● Work request: Word for word, copy the data that follows and skip its pictures.

● Data provided:
________________________________________
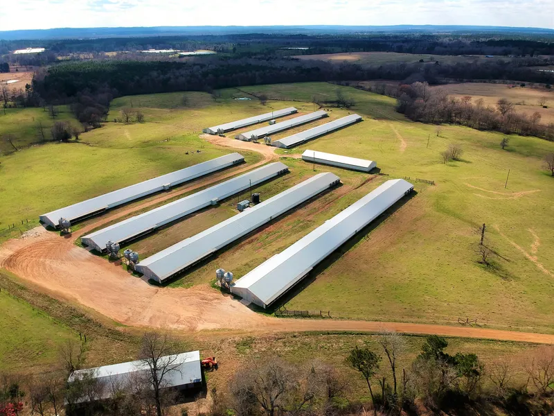 Tyson Broiler Farm. 10-40x400 ft. houses with capacity of 18,800 birds per house. This farm grows a 7 week bird for Tyson. Three houses were built in 1986, three houses built in 1996, and 4 houses built in 2001. There are a total of three water wells, community water, natural gas, 1-5,000 gallon water storage tank, 1-10,000 gallon water storage tank, 3 generators, 43x150 ft. litter barn, 2 pole barns, mobile home, Kubota 7060 M tractor, Lewis Bro. cake out machine, and bush hog. Houses have has lots of improvements and should need minimum improvement required from Tyson to receive a new contract.
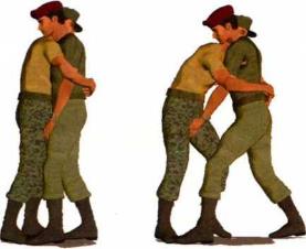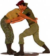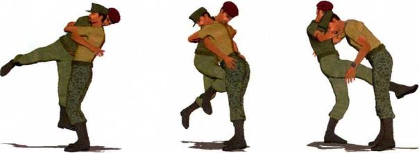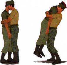 (1)敌人由正面对我发动袭击突然伸出双手将我连同双臂一并环抱住并用力向上提抱欲将我举起(图4-1-30、图4-1-31)
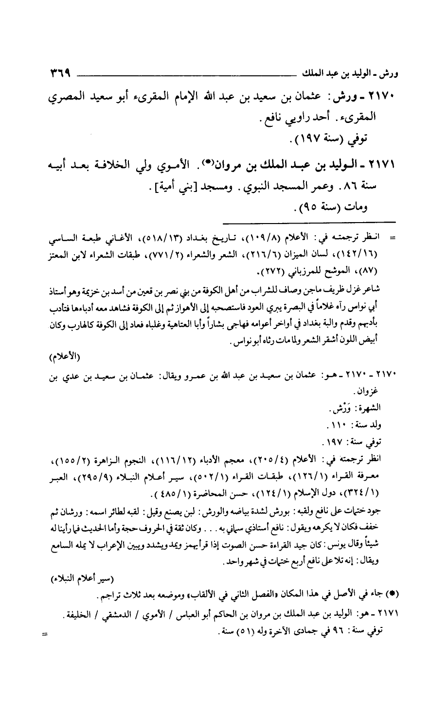 ورش: عثمان بن سعيد بن عبد الله الإمام المقرئ أبو سعيد المصري المقرئ. أحد راوبي نافع.
________________________________________
● Exercise answer:
 Tyson Broiler Farm. 10-40x400 ft. houses with capacity of 18,800 birds per house. This farm grows a 7 week bird for Tyson. Three houses were built in 1986, three houses built in 1996, and 4 houses built in 2001. There are a total of three water wells, community water, natural gas, 1-5,000 gallon water storage tank, 1-10,000 gallon water storage tank, 3 generators, 43x150 ft. litter barn, 2 pole barns, mobile home, Kubota 7060 M tractor, Lewis Bro. cake out machine, and bush hog. Houses have has lots of improvements and should need minimum improvement required from Tyson to receive a new contract.
 (1)敌人由正面对我发动袭击突然伸出双手将我连同双臂一并环抱住并用力向上提抱欲将我举起(图4-1-30、图4-1-31)
 ورش: عثمان بن سعيد بن عبد الله الإمام المقرئ أبو سعيد المصري المقرئ. أحد راوبي نافع.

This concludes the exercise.